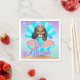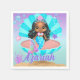 Cute African American Mermaid Princess wearing a pearl & seashell tiara in front of an open oyster bed on a purple blue ombre background. Starfish, Coral, and Sand Elements. Customise with your child's name. Great for Mermaid Birthday Party.
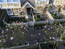 Ferndale Garden. Very spacious. 4-bedroom townhouse plus den. Total 1611 SF. Side by side garage. Corner unit. Unit is facing a park with tennis courts. Bright unit w South facing. 9' ceiling on main. Ground level has a bedroom/office. 2nd level has an open den and top floor has 3 bedrooms. Short drive to Walmart and T n T supermarket. School catchment: Anderson Elementary school and Macneil Secondary school. Brand new carpets. Townhouse is right opposite to a park w tennis court. Priced right to sell. Weekend showings only.
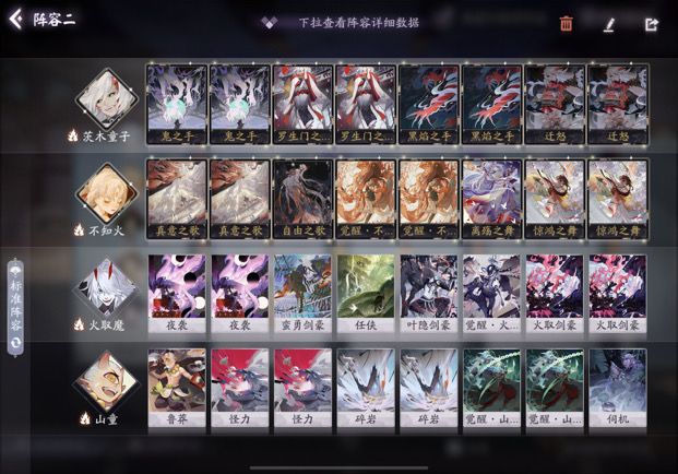 随机效果: 虽然效果是随机,但是基本都是有益的,如加血,群体伤害,单体伤害,加身材等,队伍能力越综合,触发的不可控收益就会越高,所以配和综合能力多的式神→鸦天狗,面灵气,海坊主等。
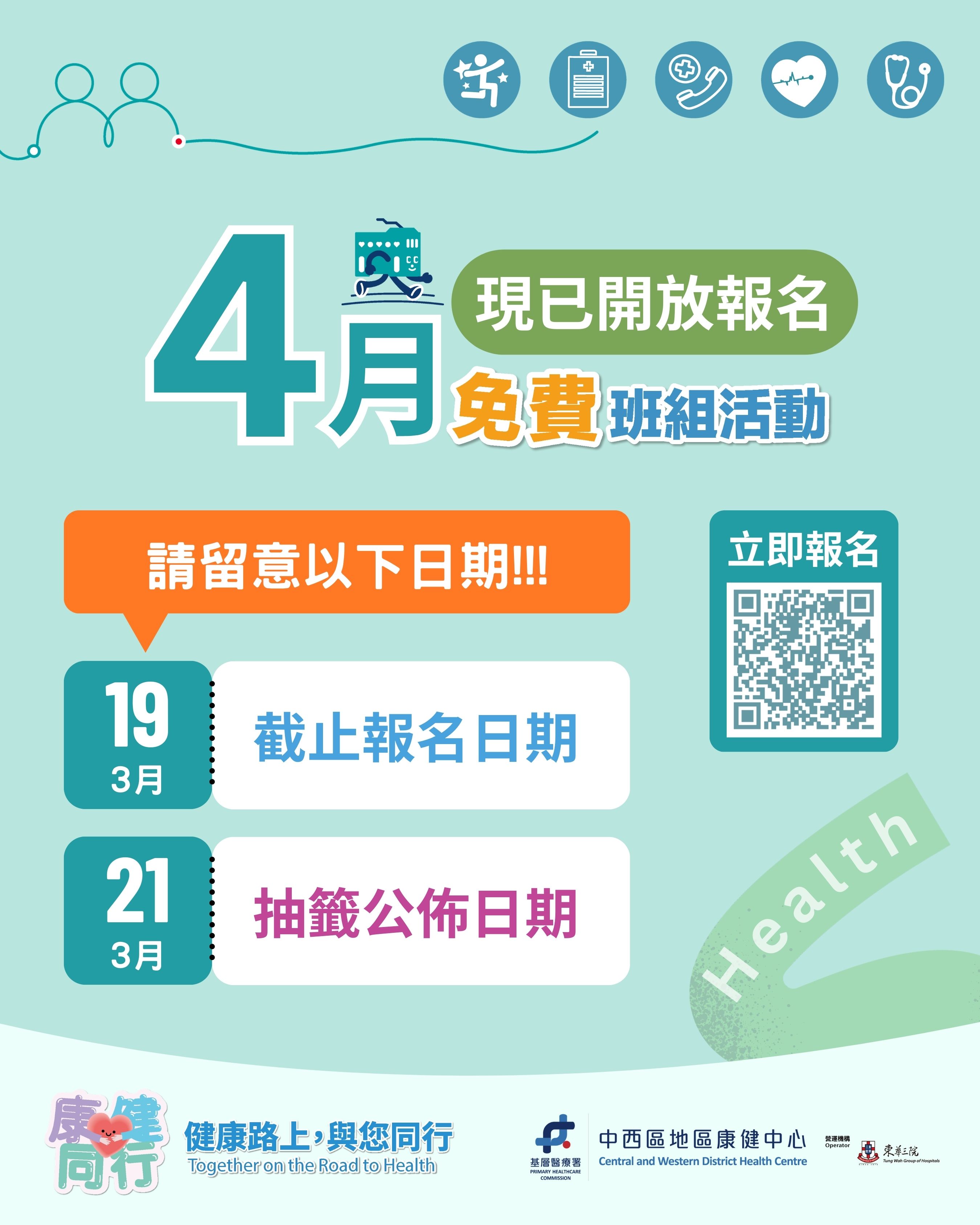 親愛的會員們,四月份班組報名現已開放!不論你是想提升健康知識,還是想學習實用的運動技巧,都歡迎各位參加中西區地區康健中心的免費班組活動,一起在健康的道路上向前邁進!
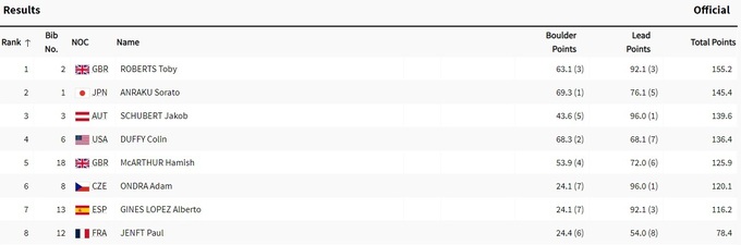 На ОИ-2024 в Париже завершились соревнования в скалолазании у мужчин в двоеборье (боулдеринг и трудность).
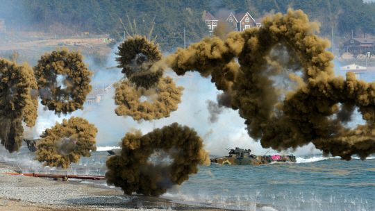 30일 오전 경북 포항시 독석리 해안에서 한·미 해군·해병대가 상륙돌격장갑차 등을 이용해 상륙훈련을 하고 있다.
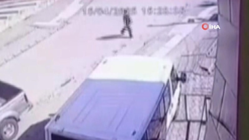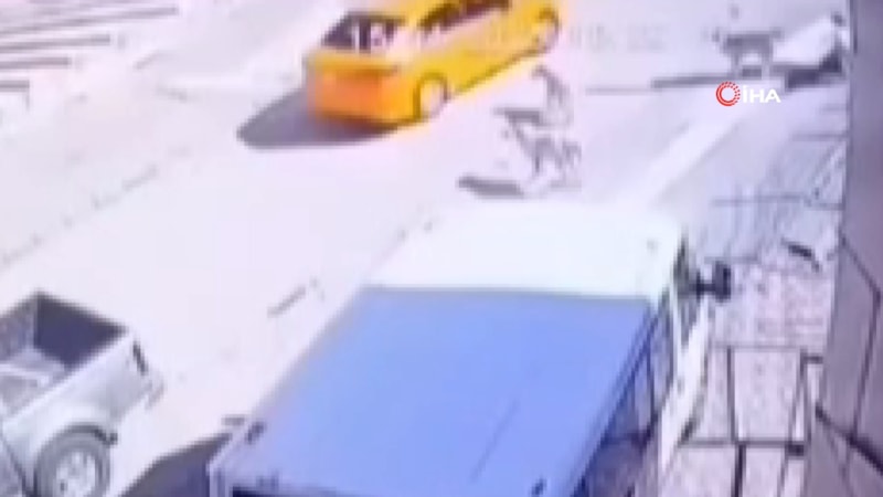 Görüntülerde, panik içinde kaçmaya çalışan çocuğun düştüğü görülüyor.
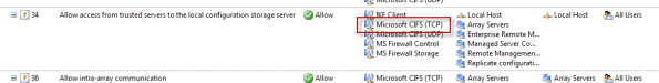 Another option is to enable the Allow access from trusted servers to the local configuration storage server system policy rule, as this rule allows Microsoft CIFS (TCP) protocol inbound to the local host.
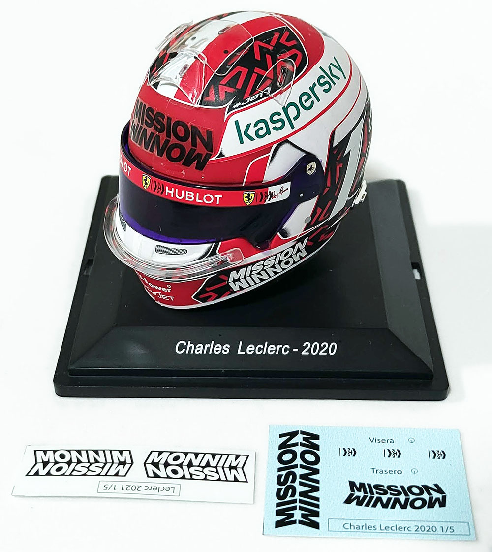 - Charles Leclerc (Ferrari, 2020). Calcas deslizables al agua (impresión en digital sobre fondo transparente/blanco) MYA (MEX) D0282
....
What lines above run from the one with "На ОИ-2024 в" to the one with "Another option is"? Give them again exactly, ends included, and leave the pictures out.

 На ОИ-2024 в Париже завершились соревнования в скалолазании у мужчин в двоеборье (боулдеринг и трудность).
 30일 오전 경북 포항시 독석리 해안에서 한·미 해군·해병대가 상륙돌격장갑차 등을 이용해 상륙훈련을 하고 있다.
 Görüntülerde, panik içinde kaçmaya çalışan çocuğun düştüğü görülüyor.
 Another option is to enable the Allow access from trusted servers to the local configuration storage server system policy rule, as this rule allows Microsoft CIFS (TCP) protocol inbound to the local host.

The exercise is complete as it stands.